The U.S. Department of Justice has stepped into xAI’s gas turbine fight in Mississippi, arguing that forcing limits on the company’s power supply could hurt AI systems tied to national security work. That is an unusually blunt federal endorsement for a company already under fire from environmental groups over emissions and unpermitted equipment.

The dispute centers on xAI’s Colossus 2 site in Southaven, Mississippi, where the company has been using unregistered gas turbines to keep its compute-heavy infrastructure running. The NAACP filed suit, and the Southern Environmental Law Center says the number of turbines at the site grew from 27 to 57 since April, alongside a 111% rise in nitrogen oxide emissions. In plain English: the more power xAI needs, the uglier the local air gets.

Why the Justice Department is backing xAI

In its filing, the department says the lawsuit could threaten ”national, economic, and energy security” by cutting power to AI systems that support Department of Defense operations. It also says xAI’s Grok is one of a small number of models used in critical, classified, and top-secret networks. That is the sort of argument that tends to move courts faster than a normal zoning dispute.

The move fits a broader pattern in Washington: AI infrastructure is increasingly being treated like strategic infrastructure, not just a private data-center problem. Tech companies have been leaning on that logic for months, but here the government is saying the quiet part out loud. Energy access is now part of the national-security conversation, whether local regulators like it or not.

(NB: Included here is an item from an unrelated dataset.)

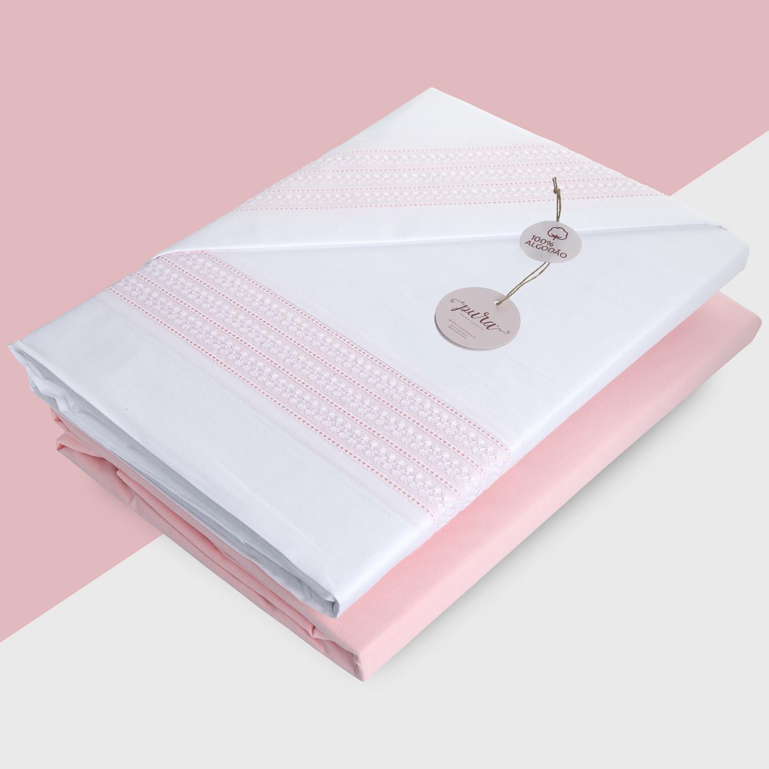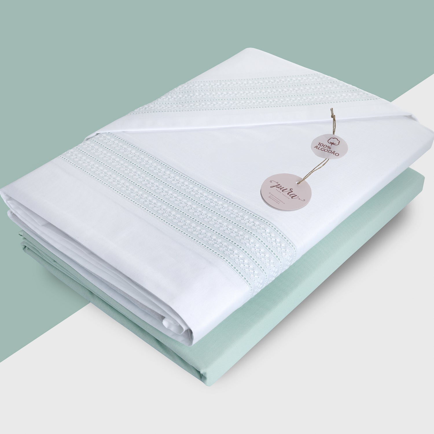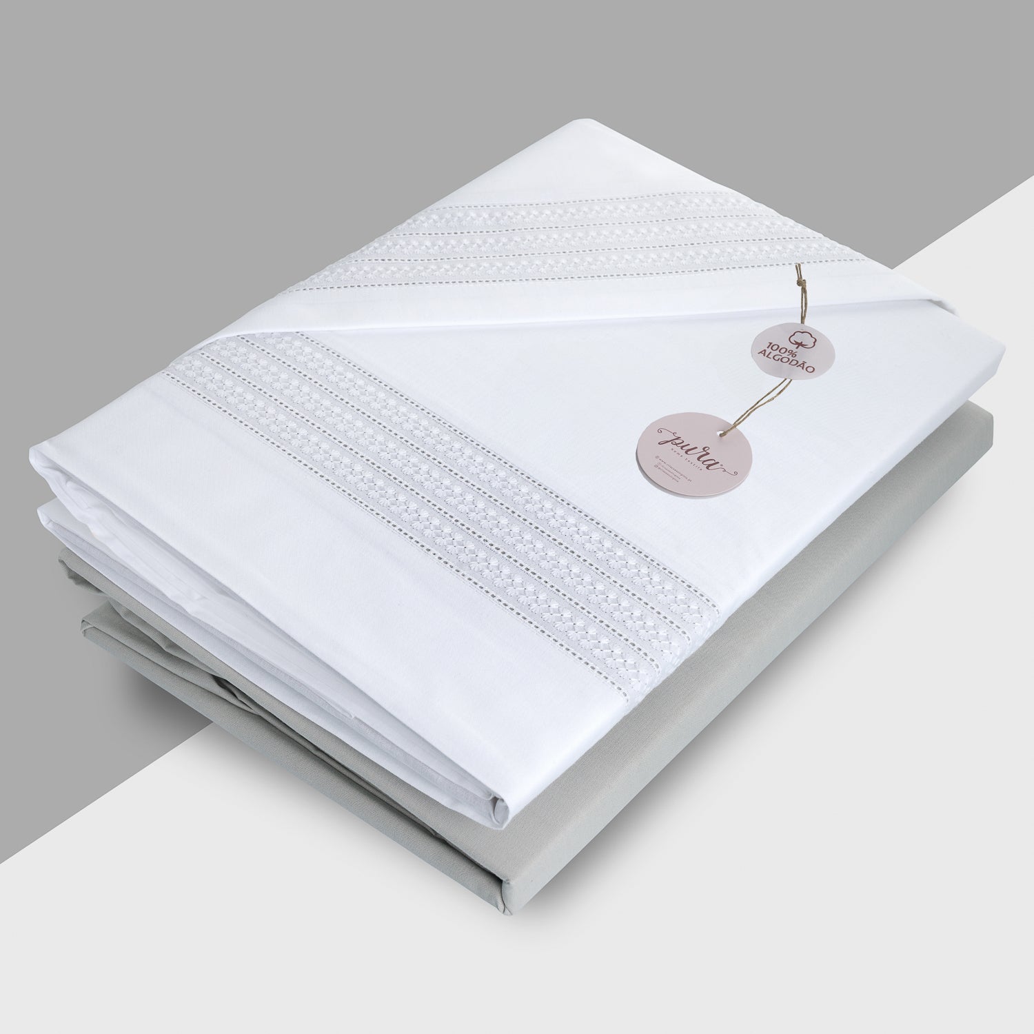 O lençol de cima e as fronhas são lisos com um entremeio em cor igual à cor do tecido do lençol de baixo que é ajustável ao seu colchão.

xAI Colossus 2 emissions fight in Mississippi

Colossus 2 is one of xAI’s two major data centers, and it depends on extra power to feed a high-load AI stack. Environmental groups say the gas turbines are not just a paperwork problem; they are a fast-growing source of pollution wrapped inside a machine-learning story. That tension is becoming common as AI labs race to add capacity while states and cities try to keep emissions in check.

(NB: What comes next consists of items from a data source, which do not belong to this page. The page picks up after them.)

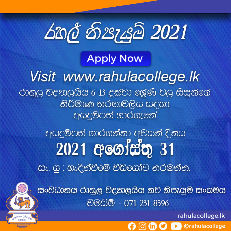 Jul202021 A design competition for grade 6 – 13 students of Rahula CollegeDeadline: 20ᵗʰ August 2021 More Info Introduction Video Apply Now Related Categories: Featured, Grade 12- 13, Grade 6 - 11, Notice BoardJuly 20, 2021 Share this post Share on FacebookShare on Facebook Share on LinkedInShare on LinkedIn Share on XShare on X Share on WhatsAppShare on WhatsApp Related PostsCongratulations! | Rahula College President’s Scouts 2024July 23, 2025Congratulations! | G. C. E. Advanced Level 2024July 16, 2025G.C.E. O/L 2024(2025) Results SummaryJuly 13, 2025Vote for Rahula College – BestWeb.lk 2025July 8, 2025Binuda Bojitha Dominates Junior National Athletic Championship 2025 with Double GoldsJune 21, 2025Dinujaya Honoured with National Chess AwardsJune 4, 2025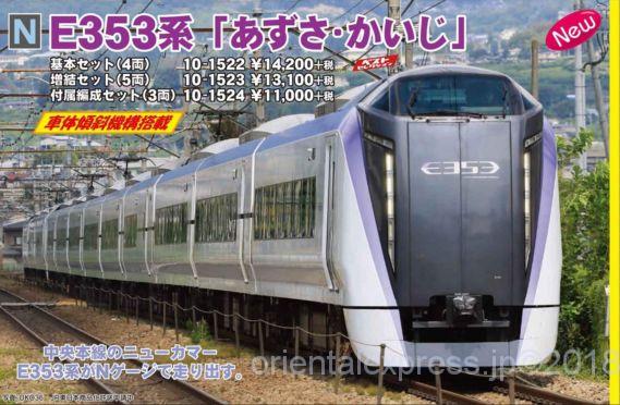 –品番 品名 価格(税別) [新] 10-1522 E353系「あずさ・かいじ」基本セット(4両) 14200円 [新] 10-1523 E353系「あずさ・かいじ」増結セット(5両) 13100円 [新] 10-1524 E353系「あずさ・かいじ」付属編成セット(3両) 11000円 インフォメーション
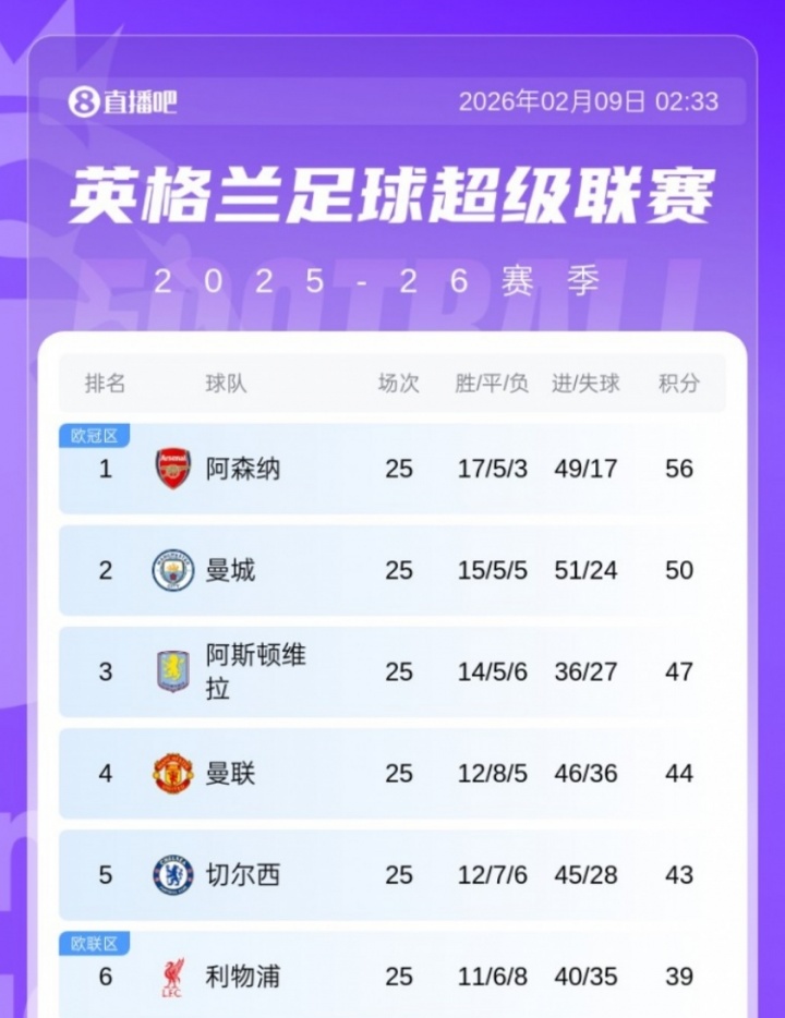 英超第25轮,利物浦1-2曼城。至此本轮英超所有比赛均已结束!来看看最新的积分榜形势。

  • Turbines reported at the site: 27 in April, rising to 57
  • Reported NOx emissions increase: 111%
  • Site location: Southaven, Mississippi

The energy race around AI datacenters

This is bigger than one court case. Across the industry, AI builders are running into the same problem: compute expansion is easy to promise and hard to power. Some rivals are chasing grid deals, others are reaching for on-site generation, and both paths run straight into permitting fights and public backlash.

For now, xAI has something most companies in this position would happily take: federal backing. The harder question is whether that support survives the environmental case, or whether Mississippi becomes the template for how far AI firms can push emergency-style power setups before regulators push back.